2024 a été une année de ressentiment. Malgré les nécrologies de l’année précédente, les cryptomonnaies survivaient, cultivant une rancœur et construisant un appareil politique. Lorsque l’adoption a stagné, les dirigeants ont clamé que le problème ne résidait pas dans la technologie ou les modèles économiques, mais dans la “réglementation par l’exécution”, le “débanque” et une “guerre contre les cryptomonnaies”. L’industrie s’est plongée dans la politique, formant des comités de soutien financiers impressionnants, recrutant des armées de lobbyistes. Les candidats politiques étaient avertis d’un bloc de “votants crypto” engagé, plus que jamais sur le plan financier, à condition qu’ils soutiennent les ambitions de déréglementation de l’industrie. L’été, les cryptomonnaies étaient devenues un sujet de campagne présidentielle avec Trump promettant de faire des États-Unis la “capitale mondiale des cryptomonnaies”.

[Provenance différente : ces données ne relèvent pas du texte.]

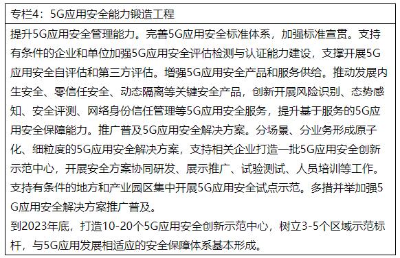 31.提升5G应用安全评测认证能力。支持与国际接轨的5G安全评测机构建设,构建5G应用与网络基础设施安全评价体系,开展5G应用与基础设施安全评测和能力认证。

2025 a vu la montée du technoligarchisme. Les investissements politiques de l’industrie technologique ont porté leurs fruits lorsque Trump est revenu à la Maison-Blanche. Certains dirigeants technologiques ont été intégrés dans le Cabinet, et leur influence s’est accrue dans les conversations politiques. Des milliardaires comme Elon Musk ont été gratifiés de pouvoirs étendus, tout en réduisant les financements gouvernementaux cruciaux. Des figures pro-cryptomonnaies ont pris la tête des agences régulatrices, axant leurs missions sur le soutien aux industries technologiques plutôt que sur leur régulation.

Points à retenir

  • La transition rapide des cryptomonnaies d’un phénomène à un enjeu politique majeur.
  • L’impact destructeur des échecs dans l’industrie sur la confiance des investisseurs.
  • L’importance croissante de la réglementation dans un environnement technologique en mutation.
  • Les tensions entre la déréglementation posée par les technoligarches et les nécessités sociétales.
  • Les implications économiques pour les citoyens face à un marché de l’emploi instable.

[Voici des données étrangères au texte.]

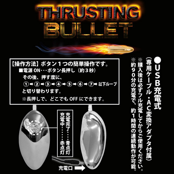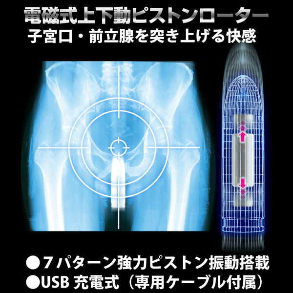 ナカまで響くズンズン刺激!パワフルに上下運動する斬新ローター。●弾丸フォルムのシングルタイプ●メタリックなきらめきボディ●電磁石による反発力でピストン●ワンボタンの簡単アクション●電源…ON/OFFともに3秒長押し●振動…押すごとに7種切替(ループ)●専用ケーブルによるUSB充電式●フル充電(90分)で約1時間稼働●充電完了は一目瞭然(赤→青)。握りやすいマウス型リモコンに銃弾のような先細り形状で攻撃的プレイを堪能!意志を持つようにググッと突き上げ運動をするパワフルローター。ヴァギナだけでなくアナルでも楽しめるマルチタイプです。※初回は必ずフル充電してからご使用ください。

Dans une période où le fossé entre les technoligarches et le grand public semble se creuser, il est essentiel de s’interroger sur la viabilité de ces nouveaux modèles économiques. La concentration de pouvoir entre les mains de quelques individus peut créer des déséquilibres susceptibles d’affecter la société dans son ensemble. La manière dont ces technologies et leurs promoteurs s’intégreront dans notre quotidien reste à définir, mais il est crucial de rester vigilants face à leurs conséquences potentielles. L’avenir du système financier mondial pourrait en dépendre.